We can call this feeling “compassion fatigue” (credit: DAVID COHEN/FLASH 90)

To understand why this happens, we need to look at the broader context. We are not dealing “only” with one difficult event that has lasted three-plus weeks. We are dealing with a sequence of months – not to say years (corona, October 7, rounds, war) – of difficult news, of sirens, of ongoing uncertainty and severe disruption to routine. At the same time, life itself does not stop – there are children at home because the education system is closed, there is economic stress because work is at best unstable and at worst simply does not exist, and there is an attempt to maintain a routine within a reality that has nothing stable in it. Each of these factors on its own is a burden in itself. Together, they accumulate into something that the psyche struggles to process and withstand.

Our emotional system is not built to absorb such quantities of pain, certainly not when it arrives continuously and without interruption. In the past (try to remember when that was), encounters with suffering were usually point-based, limited in time and space. Today, we are exposed to almost everything, everywhere, at every moment. This creates a situation in which there is no breathing space between stimulus and stimulus, between one story and another, between an alert and a siren and between a fall and “the event is over”. The psyche, like any other system, also needs breaks in order to continue to function.

Not a malfunction, protection


When we do not have such breaks, various signs begin to appear. Sometimes it looks like lack of interest – you see a headline and simply move on. Sometimes it is irritability and patience that runs out faster than usual. Some people feel a decrease in the ability to be moved, and others experience flooding – but one that very quickly turns into exhaustion. In the face of all these, many people report a feeling of guilt – “How is it that I no longer respond as I used to? What does it say about me?”

The simple truth is that there is no personal malfunction here. There is a normal human response to an abnormal situation. When there is too much pain and too much difficulty, something within us begins to shut down, because our system reduces itself to the minimum necessary in order to survive. It is not that it does not want to feel, it simply cannot because it would collapse.

What is the cost?


The cost of this load is not only internal. It seeps outward into our relationships. In a couple relationship, for example, many people find themselves less patient, shorter, arguing about things that on other days would have passed them by. Not because something essential has changed in the relationship, but because each person arrives already exhausted and without emotional reserves that allow containment.

In parenting as well this is strongly felt. When children are at home for such a long time and without routine, and when the parent himself is overwhelmed – the ability to be present, calm, and containing is impaired. This can manifest in impatience, sharp reactions or simply fatigue and emotional distancing. And then guilt also arrives, adding another layer to the load and difficulty that already exist.
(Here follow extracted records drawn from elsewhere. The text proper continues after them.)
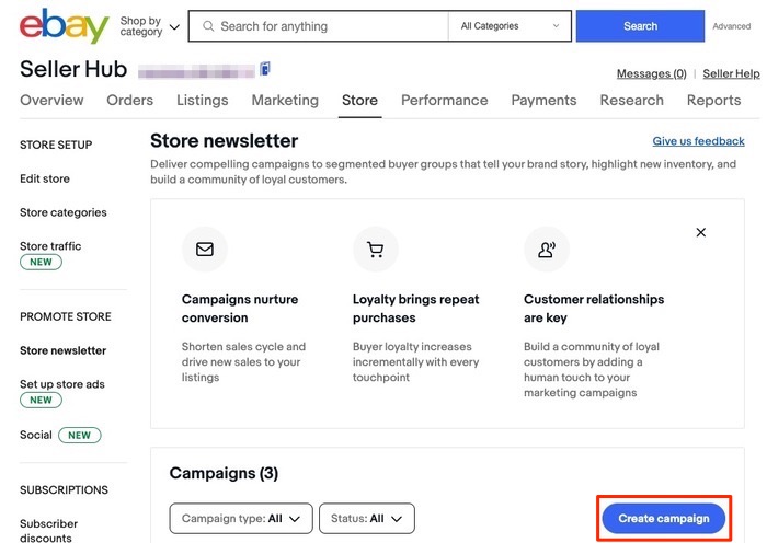 eBayのストア機能では、バイヤーにあなたのストアのニュースレターを購読してもらうことができます。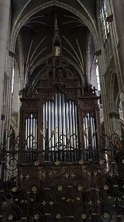 Les grandes orgues néogothiques (tribune) furent construites par le facteur d'orgues Joseph Merklin (société « Merklin-Schütze ») et inaugurées par Anton Bruckner. Cet orgue[24] fut récompensé par une médaille d'or à l'Exposition Universelle de Paris, en 1867 où il a été joué par la plupart des grands organistes parisiens[25]. Comme le reste de l'édifice, le dessin et l'architectonie du buffet ont été conçus par Prosper Morey[26].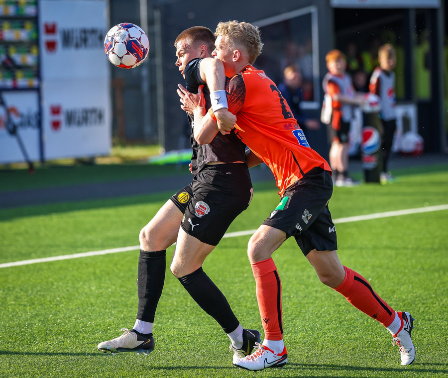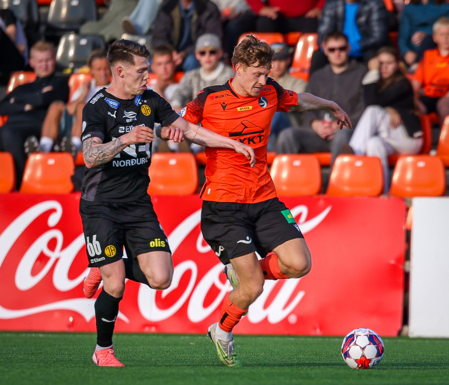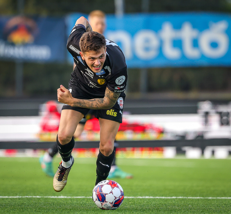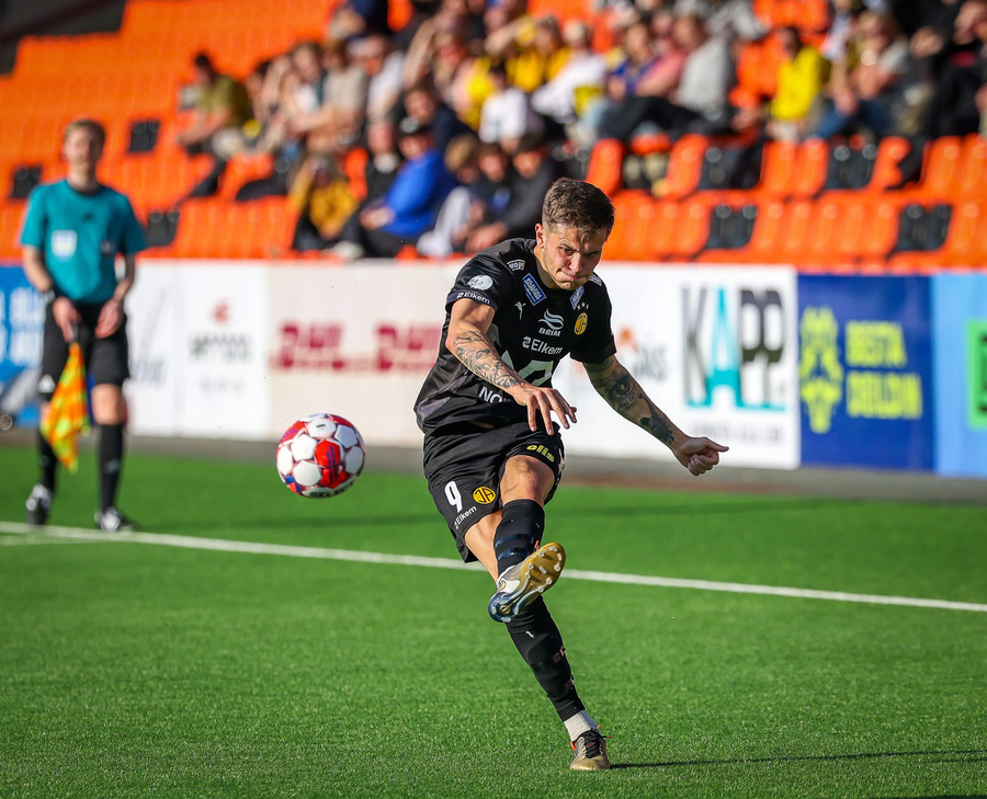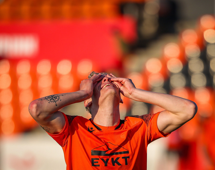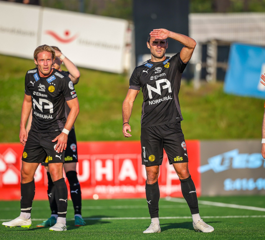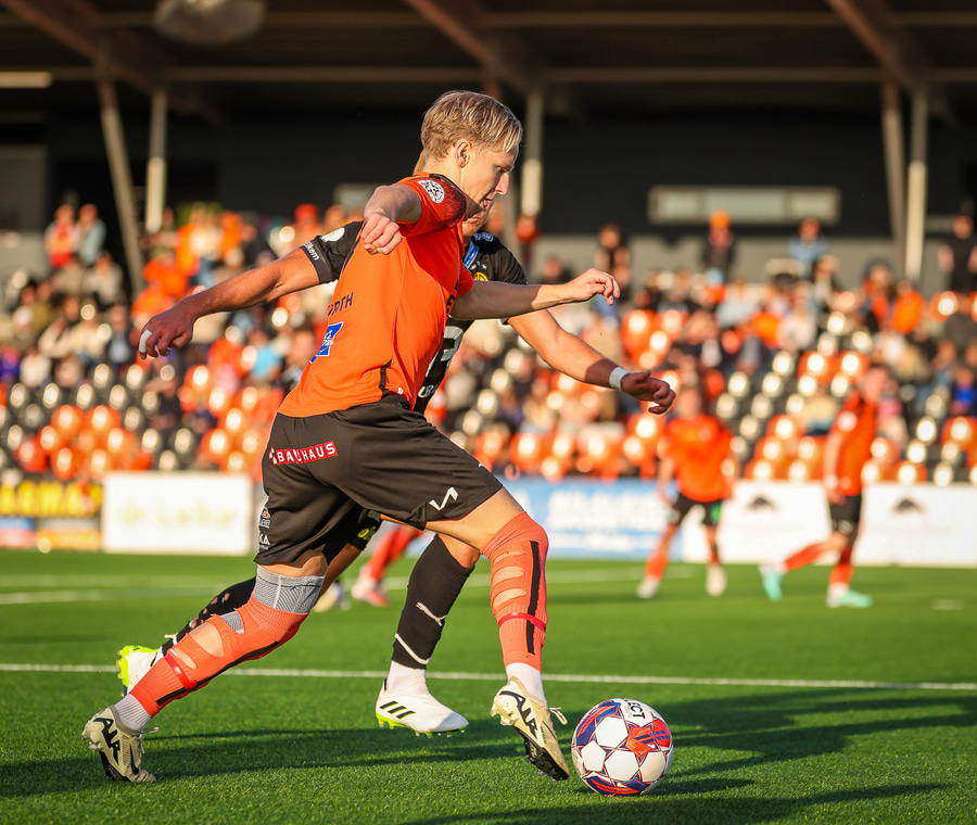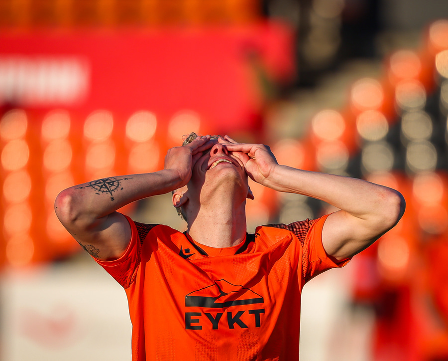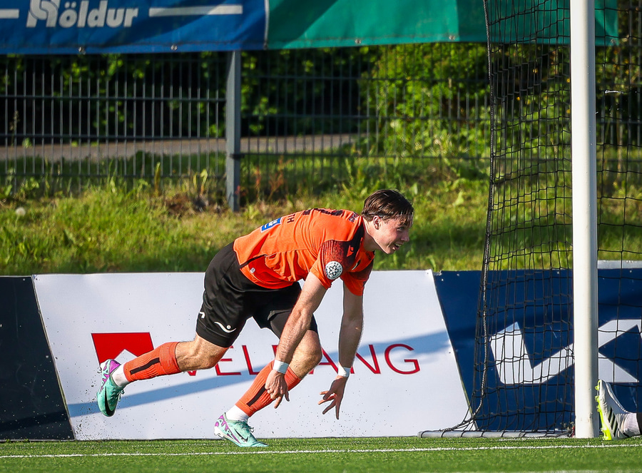 Johannes Vall brunar upp vinstri vænginn og kemur með boltann fyrir á Viktor Jóns sem skallar boltann rétt framhjá. Hann var gjörsamlega einn og óvaldaður en gerði vel að ná skallanum.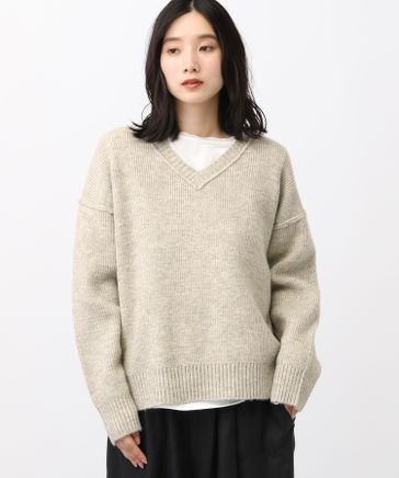 《natural by clip/マシンウォッシャブル》7ゲージウール混畦Vネックプルオーバー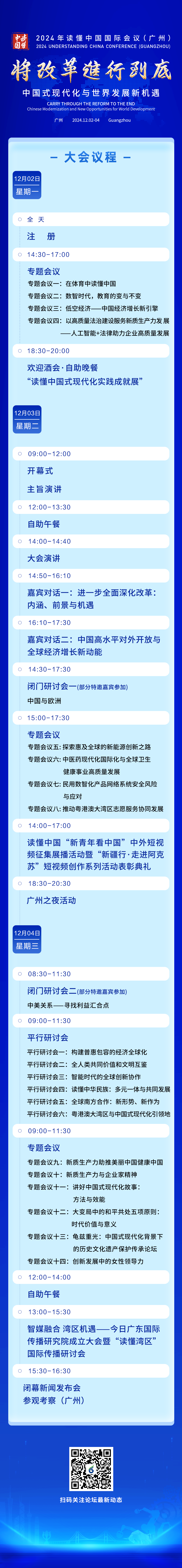 2024年“读懂中国”国际会议(广州)于12月2日-4日在广州市举行。会议围绕“将改革进行到底——中国式现代化与世界发展新机遇”这一主题,以习近平总书记关于中国式现代化的重要论述为指引,立足解读党的二十届三中全会精神,传播好中国式现代化对推动世界现代化进程、推动构建人类命运共同体的价值与意义;解读好进一步全面深化改革,推进中国式现代化的时代命题;广泛宣介中国式现代化的鲜明特色和丰富内涵;面向全球推介粤港澳大湾区的活力与魅力。帮助国际社会更好地读懂中国,读懂中国共产党,读懂中国式现代化。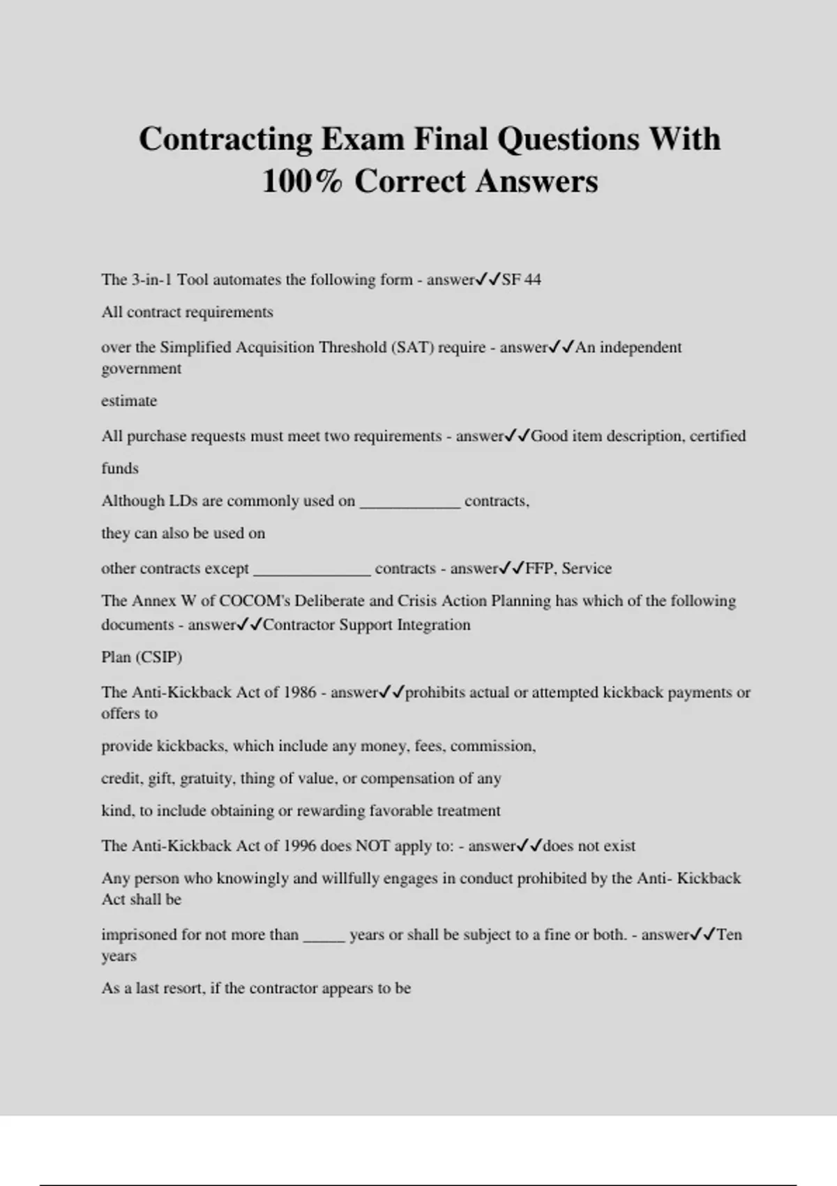 Contracting Exam Final Questions With 100% Correct Answers The 3-in-1 Tool automates the following form - answerSF 44 All contract requirements over the Simplified Acquisition Threshold (SAT) require - answerAn independent government estimate All purchase requests must meet two requirements - answerGood item description, certified funds Although LDs are commonly used on ____________ contracts, they can also be used on other contracts except ______________ contracts - answerFFP, Service The Annex W of COCOM's Deliberate and Crisis Action Planning has which of the following documents - answerContractor Support Integration Plan (CSIP) The Anti-Kickback Act of 1986 - answerprohibits actual or attempted kickback payments or offers to provide kickbacks, which include any money, fees, commission, credit, gift, gratuity, thing of value, or compensation of any kind, to include obtaining or rewarding favorable treatment The Anti-Kickback Act of 1996 does NOT apply to: - answerdoes not exist Any person who knowingly and willfully engages in conduct prohibited by the Anti- Kickback Act shall be imprisoned for not more than _____ years or shall be subject to a fine or both. - answerTen years As a last resort, if the contractor appears to be offended, accept the gratuity and perform which of the following steps? - answer1. Have your finance officer safeguard the gratuity by placing it in a safe and ask for a receipt 2. Consult with the legal office 3.Write a memo for record (MFR) explaining the circumstances/approx value of the item and mention legal advice was obtained As the CCO, if I am offered an "escort" by a local vendor, which of the following should I do? - answerImmediately inform counsel As the CCO, you know that offices order supplies at the end of the month. However, you noticed that a specific office has also been randomly ordering every two weeks. What is your first thought: - answerThis could be an indication of fraud; further investigation is needed At what point must the Bona Fide Need exist - answerAt time of award,not performance 14. AUTHORITIES AND STRUCTURE - answerContracting Authority The Bona Fide Need for supplies exists when - answer-The Government actually will be able to use such item(s) -The funds are presumed to be available The Bona Fide Needs for non-severable services generally apply to the - answerYear in which a contract is executed The Bona Fide Needs for severable services pertains to the - answerPeriod in which the services are performed The Bona Fide Needs rule provides for what - answerFunds are available only to satisfy requirements during period of availability The CCO or the Customer should contact the accounting and finance office for procedures to fund - answera. Medical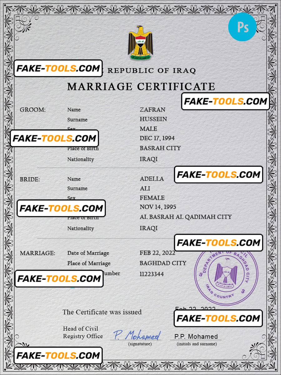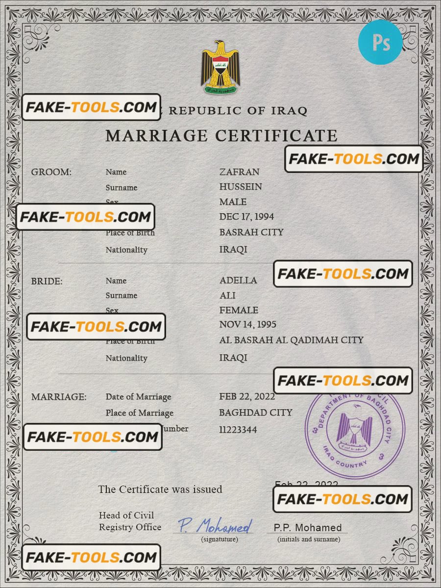 Iraq marriage certificate PSD template, completely editable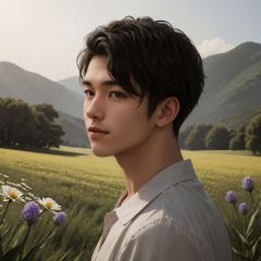 gorgeous male portrait, from the side, looking at viewer, in a meadow, flowers, beautiful hair, manly, gorgeous lighting
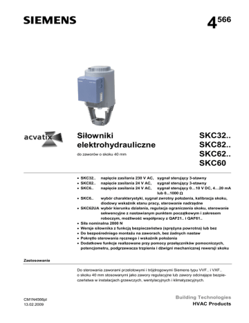 4 Siłowniki elektrohydrauliczne do zaworów o skoku 40 mm 566 SKC32.. SKC82.. SKC62.. SKC60 • SKC32.. • SKC82.. • SKC6.. • • • • • • • napięcie zasilania 230 V AC, sygnał sterujący 3-stawny napięcie zasilania 24 V AC, sygnał sterujący 3-stawny napięcie zasilania 24 V AC, sygnał sterujący 0…10 V DC, 4…20 mA lub 0...1000 Ω SKC6.. wybór charakterystyki, sygnał zwrotny położenia, kalibracja skoku, diodowy wskaźnik stanu pracy, sterowanie nadrzędne SKC62UA wybór kierunku działania, regulacja ograniczenia skoku, sterowanie sekwencyjne z nastawianym punktem początkowym i zakresem roboczym, możliwość współpracy z QAF21.. i QAF61.. Siła nominalna 2800 N Wersje siłownika z funkcją bezpieczeństwa (sprężyna powrotna) lub bez Do bezpośredniego montażu na zaworach, bez żadnych nastaw Pokrętło sterowania ręcznego i wskaźnik położenia Dodatkowe funkcje realizowane przy pomocy przełączników pomocniczych, potencjometru, podgrzewacza trzpienia i dźwigni mechanicznej rewersji skoku Zastosowanie Do sterowania zaworami przelotowymi i trójdrogowymi Siemens typu VVF.. i VXF.. o skoku 40 mm stosowanymi jako zawory regulacyjne lub zawory odcinające bezpieczeństwa w instalacjach grzewczych, wentylacyjnych i klimatyzacyjnych. CM1N4566pl 13.02.2009 Building Technologies HVAC Products Zestawienie typów Napięcie zasilania Typ Standardowa elektronika SKC32.60 SKC32.61 Sygnał sterujący Sprężyna powrotna Funkcja Czas tak 18 s 230 V AC SKC82.60 3-stawny SKC82.60U * SKC82.61 SKC82.61U * SKC62 24 V AC SKC62U * SKC60 Wzbogacona elektronika Funkcje Zamyk. dodatkowe Czas przebiegu Otwier. SKC62UA * 0...10 V DC, 4...20 mA, lub 0...1000 Ω 120 s tak 18 s tak 20 s 120 s 20 s tak tak 1) 20 s 1) Kierunek działania, ograniczenie skoku, sterowanie sekwencyjne, dodanie sygnału * wersje z certyfikatem UL Wyposażenie dodatkowe Zamawianie Typ Opis Do siłownika ASC1.6 Przełącznik pomocniczy SKC6.. Miejsce do montażu 1 x ASC 1.6 ASC9.3 Podwójny przełącznik pomocniczy ASZ7.3 Potencjometr 1000 Ω ASZ7.31 Potencjometr 135 Ω SKC32.. SKC82.. ASZ7.32 Potencjometr 200 Ω 1 x ASC9.3 lub 1 x ASZ7.3 lub 1 x ASZ7.31 lub 1 x ASZ7.32 ASZ6.5 Podgrzewacz trzpienia 24 V AC SKC.. 1 x ASZ6.5 Przy zamawianiu należy podać ilość, nazwę i oznaczenie typu urządzenia oraz wymagane wyposażenie dodatkowe. Przykład: 1 siłownik SKC32.50 1 potencjometr ASZ7.31 Dostawa Siłownik, zawór i wyposażenie dodatkowe dostarczane są w oddzielnych opakowaniach i nie są zmontowane. Części zamienne Wykaz części zamiennych – patrz strona 16. Urządzenia współpracujące Typ zaworu Średnica DN Ciśnienie PN kvs [m3/h] Karta katalog. Zawory przelotowe VV... (zawory regulacyjne lub odcinające): VVF21.. kołnierzowe 100 6 124…160 N4310 VVF31.. kołnierzowe 100…150 10 124…315 N4320 VVF40.. kołnierzowe 100…150 16 124…315 N4330 VVF41.. kołnierzowe 65…150 16 49…300 N4340 VVF45.. kołnierzowe 65…150 16 49…300 N4345 VVF61.. kołnierzowe 65…150 40 49…300 N4382 Zawory trójdrogowe VX... (zawory regulacyjne realizujące «mieszanie» i «rozdzielanie»): VXF21.. kołnierzowe 100 6 124…160 N4410 VXF31.. kołnierzowe 100 10 124…315 N4420 VXF40.. kołnierzowe 100…150 16 124…315 N4430 VXF41.. kołnierzowe 65…150 16 49…300 N4440 VXF61.. kołnierzowe 65…150 40 49…300 N4482 Dopuszczalne różnice ciśnienia ∆pmax i ciśnienia zamykające ∆ps dla zaworu z siłownikiem podane są w kartach katalogowych zaworów. 2/16 Building Technologies HVAC Products Siłowniki elektrohydrauliczne CM1N4566pl 26.06.2008 Uwaga Można też stosować zawory innych producentów o skoku 12…40 mm, pod warunkiem, że realizują one funkcję bezpieczeństwa «zawór zamknięty w stanie bez zasilania» oraz posiadają odpowiednie przyłącze mechaniczne do zamocowania siłownika. Do ograniczenia skoku siłowników SKC32.. i SKC82.., sygnał Y1 musi być doprowadzony poprzez dodatkowy nastawialny wyłącznik krańcowy (ASC9.3). Potrzebne informacje można uzyskać w lokalnych biurach i oddziałach Siemens. Zasada działania siłowników elektrohydraulicznych 1 4567Z02 4567Z01 Budowa i działanie 2 3 4 5 6 7 8 9 10 11 12 1 Pokrętło sterowania ręcznego 2 Cylinder ciśnieniowy 3 Zbiornik oleju 4 Sprężyna powrotna 5 Solenoidalny zawór zwrotny 6 Pompa hydrauliczna 7 Tłok 8 Komora ciśnieniowa 9 Wskaźnik położenia (0 do 1) 10 Przyłącze zaworu (łącznik) 11 Trzpień zaworu 12 Grzybek zaworu Zawór zamknięty Zawór otwarty Otwieranie zaworu Pompa hydrauliczna (6) tłoczy olej ze zbiornika (3) do komory ciśnieniowej (8), przez co następuje przemieszczanie cylindra ciśnieniowego (2) w dół. Trzpień zaworu (11) wsuwa się i zawór się otwiera. Jednocześnie napręża się sprężyna powrotna (4). Zamykanie zaworu Otwarcie zaworu zwrotnego (5) powoduje wypływanie oleju z komory ciśnieniowej z powrotem do zbiornika. Naprężona sprężyna powrotna przemieszcza cylinder ciśnieniowy do góry. Trzpień zaworu wysuwa się i zawór się zamyka. Tryb sterowania ręcznego Poprzez obracanie dźwigni na pokrętle sterowania ręcznego (1) w kierunku zgodnym z kierunkiem ruchu wskazówek zegara, następuje przemieszczanie komory ciśnieniowej w dół i otwieranie zaworu. Jednocześnie napręża się sprężyna powrotna. W trybie sterowania ręcznego, sygnały sterujące Y i Z mogą bardziej otworzyć zawór, ale nie mogą go przestawić do położenia «0%» skoku. Aby utrzymać ręcznie ustawioną pozycję, należy wyłączyć zasilanie lub odłączyć sygnały sterujące Y i Z. Na wskaźniku położenia widoczna jest tarcza z podziałką wskazującą aktualne położenie. Uwaga: Regulator w trybie pracy ręcznej Gdy regulator zostanie przełączony na pracę ręczną na dłuższy okres czasu, to zalecamy ustawienie siłownika w wymaganym położeniu za pomocą dźwigni sterowania ręcznego. Dzięki temu, siłownik będzie w tym czasie pozostawał w tak ustawionym położeniu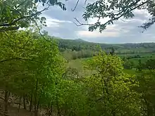 The Woodstock Tower, built in 1935 by the Civilian Conservation Corps, is located on a 2000 ft mountain that overlooks the town.[47] The tower is a popular sightseeing attraction, providing panoramic views of the valleys on either side and of the seven bends of the North Fork of the Shenandoah River. In March 2019, a portion of the road leading to the tower crumbled due to erosion. The road received $350,000 worth of repairs by Virginia Department of Transportation.[48] The road re-opened again in November 2019.

Beyond the daily friction, this load creates a quieter and no less painful phenomenon – loneliness within togetherness.

We can sit in the same living room, in the same safe room, when we all experience the same reality and are affected by the same news – and still feel light years away from each other. When the heart grows tired, it reduces its range of reception. Each member of the household withdraws into a small “island” of disconnection and self-protection, trying to survive his private flooding. The result is a situation in which we are physically next to each other, but lack the mental resources to bridge the distance, extend a hand or simply be truly present within the tense silence.

In relationships with friends and extended family, something quieter often happens – distancing. Less initiative and desire to meet, less desire to enter deep conversations, less ability to be there for others in general. Here too, it is not intentional disconnection, it is a narrowing in an attempt to preserve what little remains of internal resources.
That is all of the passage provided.